The building is important architecturally as an example of a small industrial complex. It’s most striking exterior feature is the original conical stack, which towers over the rambling brick and metal building that houses the original 1896 reverberatory gas furnace, the blowing and lehr rooms, formerly the pot arches, and other areas needed for the factory’s operations. The water tower, situated in front, has called attention to the complex for decades.
Much of the original 1896 brick portion is still standing, as is that section designed by Elmer Jacobs after a disastrous fire in 1902. Jacobs, a prominent Morgantown architect better known for his designs for residential and commercial buildings in Morgantown, had earlier designed factories in Pittsburgh.

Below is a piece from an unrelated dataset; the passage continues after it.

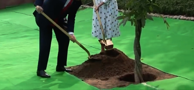 SN: Since COP26 2021, planting trees as a carbon offset has become a popular idea, despite facing significant challenges and limitations. Smolkina’s found footage video of politicians planting trees, collages multiple corporate and governmental pledges relying on large-scale tree planting. Some of the footage depicts the planting of over 350 million trees as part of Ethiopian Prime Minister Abiy Ahmed’s Green Legacy Initiative—a quite ambitious move to counter the effects of deforestation and climate crisis. There are also images of Trump and Macron planting an oak tree in the lawns of the White House, portraying tree-planting as a symbol for international politics. Once the cameras had departed, the tree was uprooted and placed into quarantine to avoid the spread of diseases and invasive insects. There it reportedly died, analogous to Macron and Trump’s political “friendship.” This seemingly anecdotal story hints to crucial concerns: what happens to all the trees after being planted? Who takes care of their maintenance? Where do they find a nurturing ground to stand on?
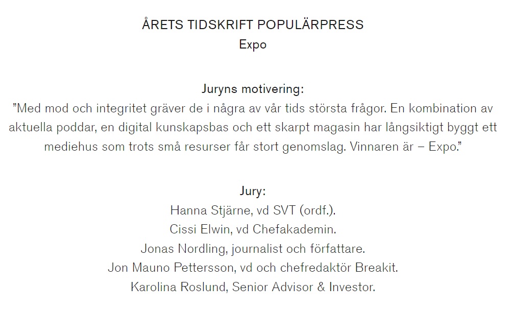 I veckan delade Sverige Tidskrifter ut priset till årets tidskrift. Vem tror ni fick det? EXPO!

Maps, floor plans, and interviews with former workers indicate that throughout its history, the Industrial complex consisted of work areas or shops, all connected by doors, passageways, and bridges. Throughout the years, small units were added onto the main building and into the grounds out front.
In 1947, the post-war boom demanded extensive expansion, and the firm constructed a major addition to the northwest for glass cutting, removed many of the small buildings, and replaced with corrugated steel much of the original corrugated iron that had covered portions of the blowing room.

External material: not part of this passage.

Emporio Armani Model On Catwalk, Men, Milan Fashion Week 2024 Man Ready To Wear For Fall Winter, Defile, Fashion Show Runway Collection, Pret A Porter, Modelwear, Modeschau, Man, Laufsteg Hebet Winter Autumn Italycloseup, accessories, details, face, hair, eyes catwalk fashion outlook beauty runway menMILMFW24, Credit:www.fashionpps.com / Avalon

When the plant closed in 1983, the original cutting room on the second floor still contained the old freight elevator. The cutting room floor was diagonally laid with maple and white pine boards, and almost four dozen windows let the light pour in.
The massive blowing room was the heart of the building. Eighty by eighty feet, it still houses the magnificent brick stack, furnace, and fourteen clay ovens, or pots. The stack rises approximately thirty feet from the floor to its point of penetration through the hipped roof. All of the late nineteenth-century wooden and metal structural members of the dramatic roof trussing are exposed–literally hundreds of posts, girders, bolsters, rafters, bridges, and sills. High up on the roof are the louvered vents of the lantern, which were manually opened and closed to allow hot air to escape and cool air to enter.